What -- what does that say about his campaign?

Put on your political pundit hat for a second.

BACHMANN: Well, I'm not a political pundit. I'm running as a candidate for the presidency of the United States. And, clearly, it's not helpful for his campaign. But he'll make that determination going forward, about whether or not he sees himself as a viable candidate.

More importantly, it's the voters that will make that decision.

BLITZER: Do you think he should drop out?

BACHMANN: That's not for me to say. He'll make that determination. I imagine it will be made fairly soon.

BLITZER: He suggested to me that maybe there's some sort of conspiracy out there, elements working to derail what he called the Cain train.

Do you believe there's some conspiracy out there to hurt him?

BACHMANN: You know, I -- I don't see a conspiracy on the horizon. But again, that will be for the voters to decide. And his campaign as he -- as you said, is reassessing where he's at. And I'm sure that they'll make a decision before too long.
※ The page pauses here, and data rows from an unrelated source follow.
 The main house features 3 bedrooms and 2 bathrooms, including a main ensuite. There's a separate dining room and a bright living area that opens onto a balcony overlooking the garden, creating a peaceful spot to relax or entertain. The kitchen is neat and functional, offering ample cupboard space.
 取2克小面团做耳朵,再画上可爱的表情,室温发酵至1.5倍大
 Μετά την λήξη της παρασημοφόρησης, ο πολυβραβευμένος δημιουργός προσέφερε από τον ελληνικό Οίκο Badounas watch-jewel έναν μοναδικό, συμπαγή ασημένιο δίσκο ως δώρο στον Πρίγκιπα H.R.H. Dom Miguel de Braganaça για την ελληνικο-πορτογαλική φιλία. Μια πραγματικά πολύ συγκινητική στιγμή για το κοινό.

BLITZER: If, in fact, he does decide to drop -- drop out -- and he says now he's reassessing his campaign. He told his supporters that, his staff that, earlier today, what would you say to those supporters of Herman Cain to -- to -- to leave Herman Cain, if he drops out, and come to Michele Bachmann?

BACHMANN: Well, I would tell them that I've been a consistent conservative from the beginning of this race. There's been no surprises with me. We actually launched a Web site called You can look at a lot of the other candidates. You see a lot of inconsistencies, a lot of flipping back and forth.
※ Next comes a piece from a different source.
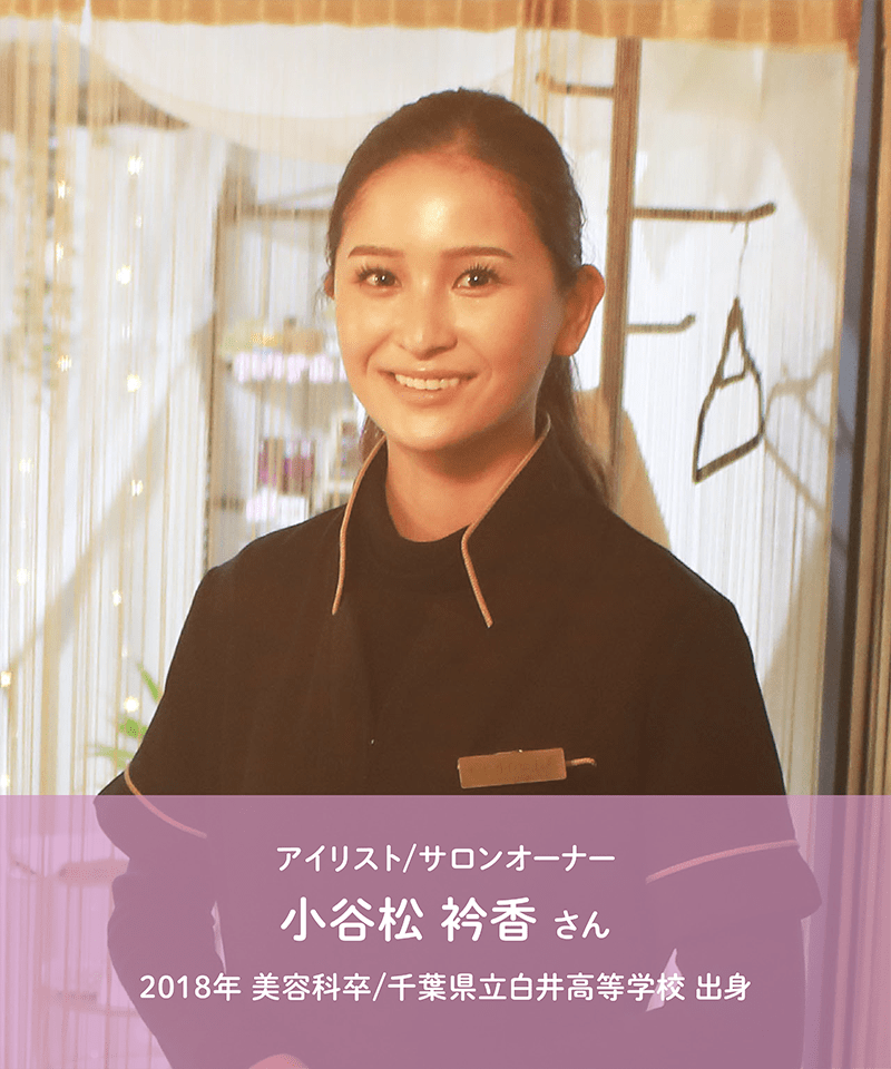 アイリストに限らず就職活動も進路研究もそうですが、色んなところを実際に見たうえで比較をした方が良いと思います。私は、アイリストになって自分のお店をずっと持ちたいという夢があったので、学校を卒業後はいろんなサロンを見学して回り、独立に有利なサロンを選びました。進路研究にも同じことが言えて、自分のやりたいことや夢を叶えられる学校はどこだろう?と、沢山比較した上で学校や職種を決めることをオススメします。

You don't see that with me. I have a new book out. It's called "Core of Conviction." We just launched it this week. And what it tells people is that over the 55 years of my life, I've lived a consistent life with core principles. And I talk about who I am in an unfiltered way so that people can get a look at me in a 3D picture. It's "Core of Conviction" and I'm going across the country now to let people know, without having to go through the barrier of the media, who I am, what I stand for and what my core convictions are.

BLITZER: You're suggesting that other candidates may be flip-flopping, if you will. I think I know who you're referring to.

But let me talk about Newt Gingrich for a minute. He denies he ever supported what's called amnesty for illegal immigrants in the United States.

Let me play this clip.


NEWT GINGRICH (R), PRESIDENTIAL CANDIDATE: It is an absolute falsehood to suggest that I favor amnesty for 11 million people period period. And anybody who says it from this point on has been served notice that they are something -- saying something which is not true, which in itself should disqualify them as a candidate the be president of the United States.


BLITZER: You put out a press release saying he does support -- or at least he once supported amnesty.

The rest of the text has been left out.